### GOAL OF THE EXERCISE
Using only the entries below, copy exactly the lines that begin at the one with "Pack1(64bit) D583/G,GX,GW |" and end at the one with "Villa Cengiz, Kalkan’ın", both included. Drop the pictures.

### PROVIDED MATERIAL
━━━━━━━━━━━━━━━━━━━━
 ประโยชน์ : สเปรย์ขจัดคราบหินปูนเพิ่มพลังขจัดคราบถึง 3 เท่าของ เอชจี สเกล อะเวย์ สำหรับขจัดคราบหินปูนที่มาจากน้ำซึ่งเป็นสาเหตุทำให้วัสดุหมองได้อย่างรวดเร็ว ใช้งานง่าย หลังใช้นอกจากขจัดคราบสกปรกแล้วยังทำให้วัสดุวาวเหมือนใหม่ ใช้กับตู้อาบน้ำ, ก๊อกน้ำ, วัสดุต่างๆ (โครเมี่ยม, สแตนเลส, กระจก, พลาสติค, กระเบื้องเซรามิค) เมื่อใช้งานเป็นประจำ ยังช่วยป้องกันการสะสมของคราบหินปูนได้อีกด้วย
━━━━━━━━━━━━━━━━━━━━
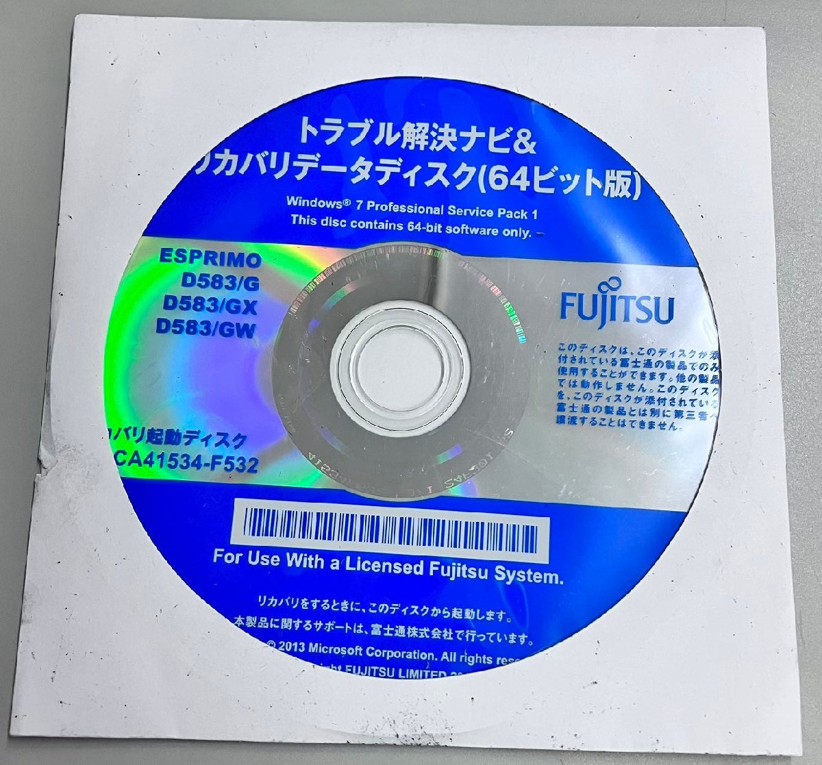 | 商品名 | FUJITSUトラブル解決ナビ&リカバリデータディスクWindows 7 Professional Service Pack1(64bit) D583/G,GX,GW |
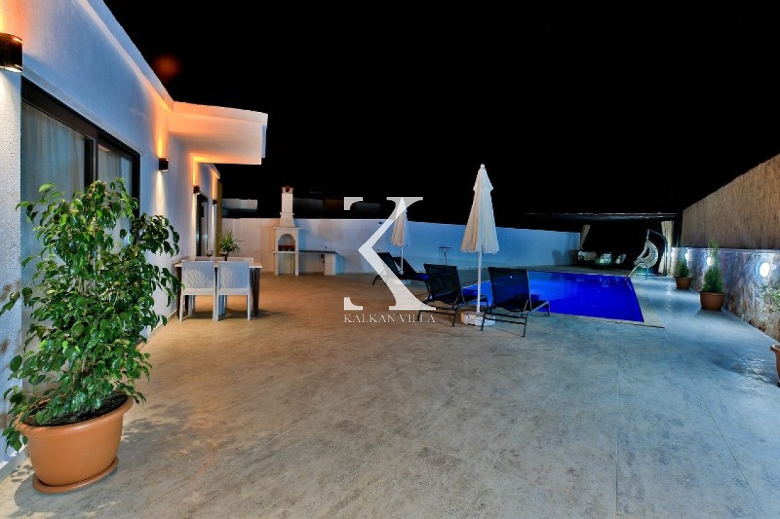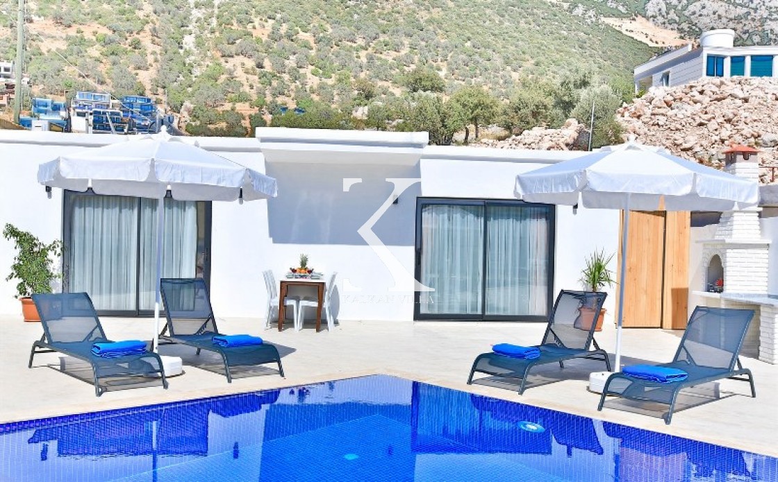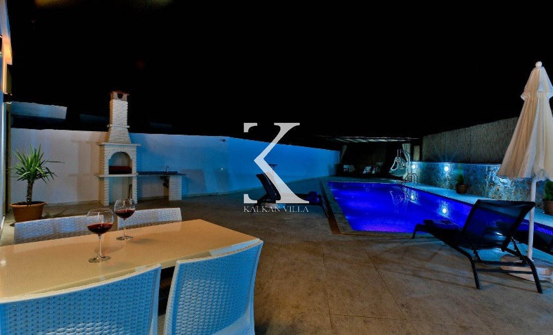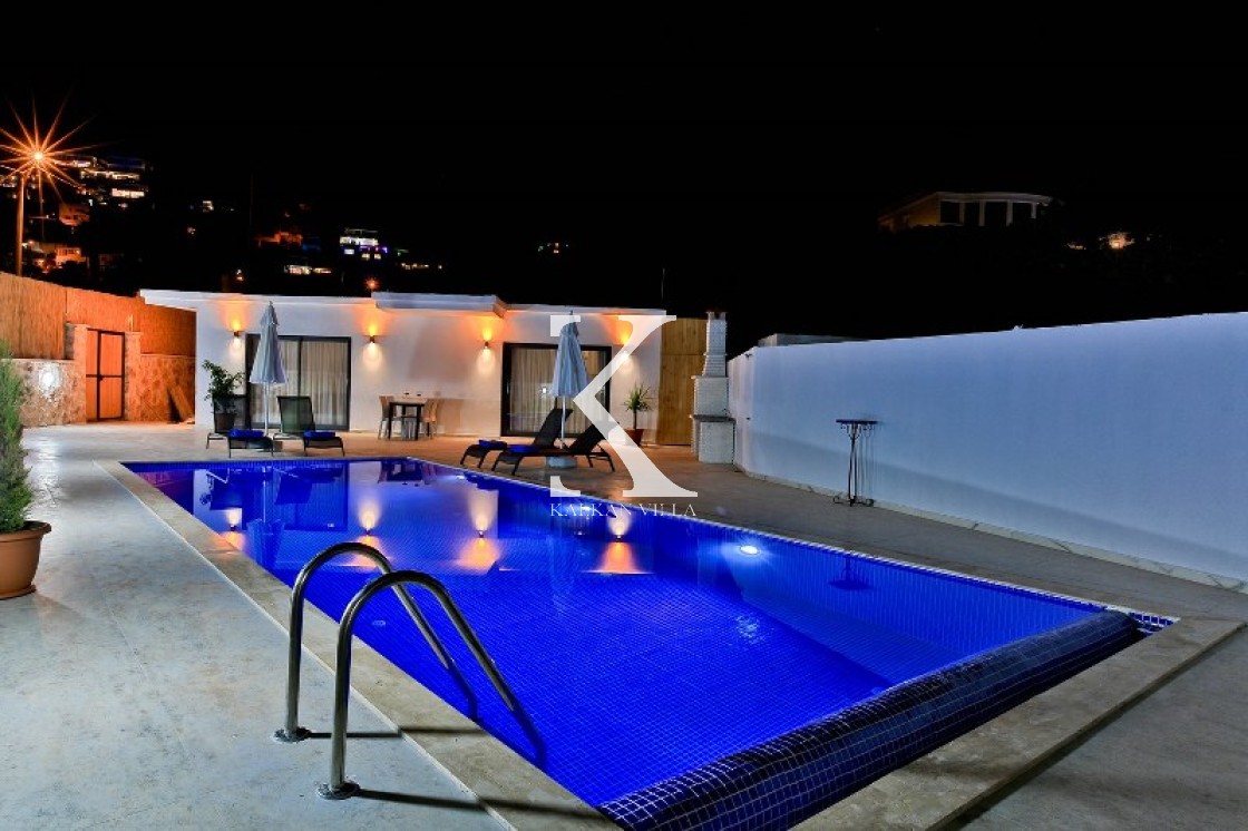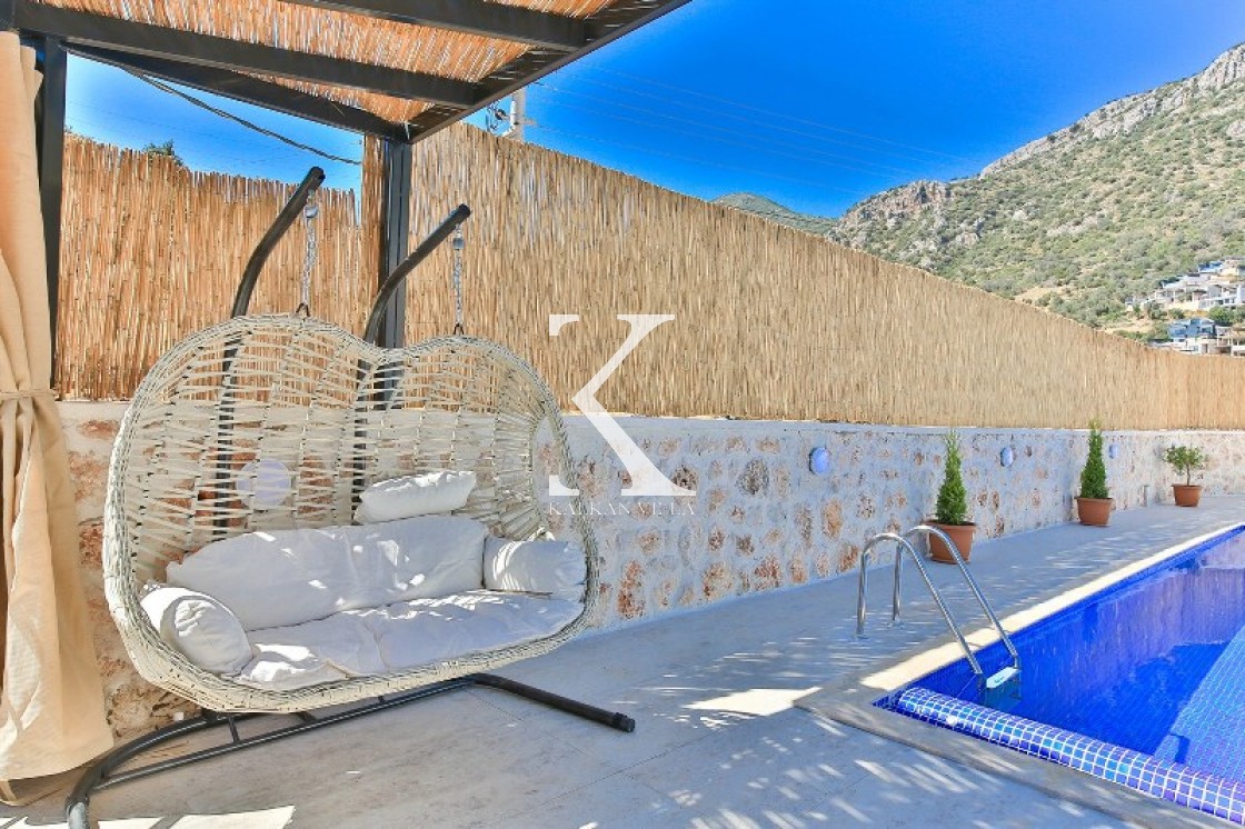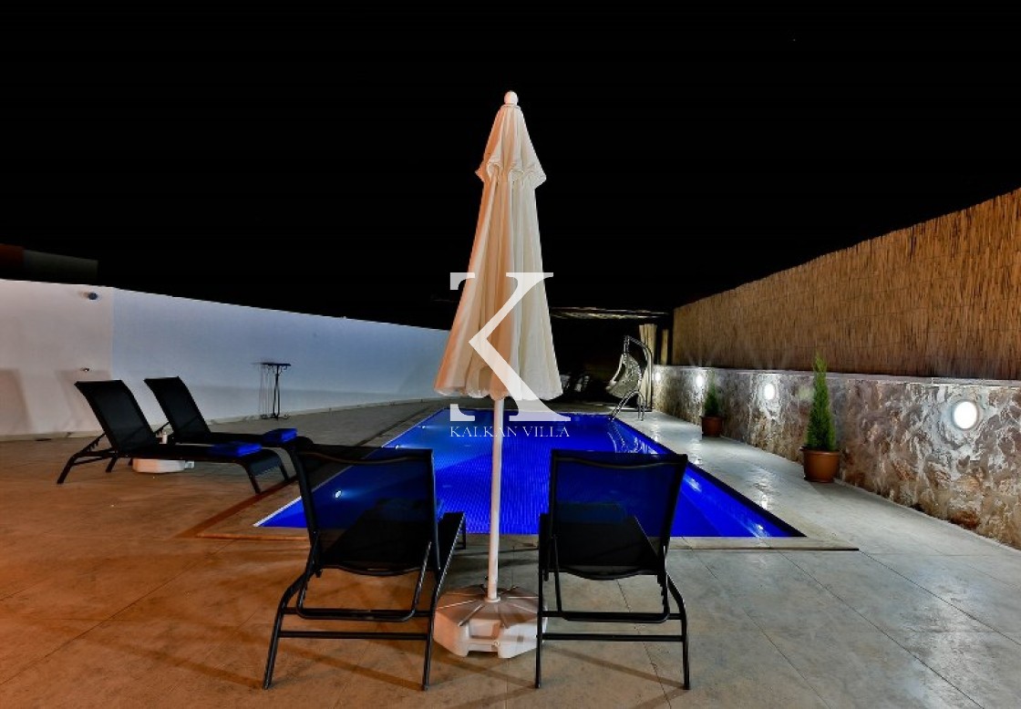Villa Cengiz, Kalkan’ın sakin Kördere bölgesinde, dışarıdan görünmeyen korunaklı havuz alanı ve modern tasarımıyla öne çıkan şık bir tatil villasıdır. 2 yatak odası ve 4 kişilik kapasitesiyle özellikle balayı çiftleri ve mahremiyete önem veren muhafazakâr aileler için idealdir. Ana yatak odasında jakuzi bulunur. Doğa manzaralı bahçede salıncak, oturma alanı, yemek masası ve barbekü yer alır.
━━━━━━━━━━━━━━━━━━━━
### ANSWER SECTION
 | 商品名 | FUJITSUトラブル解決ナビ&リカバリデータディスクWindows 7 Professional Service Pack1(64bit) D583/G,GX,GW |
Villa Cengiz, Kalkan’ın sakin Kördere bölgesinde, dışarıdan görünmeyen korunaklı havuz alanı ve modern tasarımıyla öne çıkan şık bir tatil villasıdır. 2 yatak odası ve 4 kişilik kapasitesiyle özellikle balayı çiftleri ve mahremiyete önem veren muhafazakâr aileler için idealdir. Ana yatak odasında jakuzi bulunur. Doğa manzaralı bahçede salıncak, oturma alanı, yemek masası ve barbekü yer alır.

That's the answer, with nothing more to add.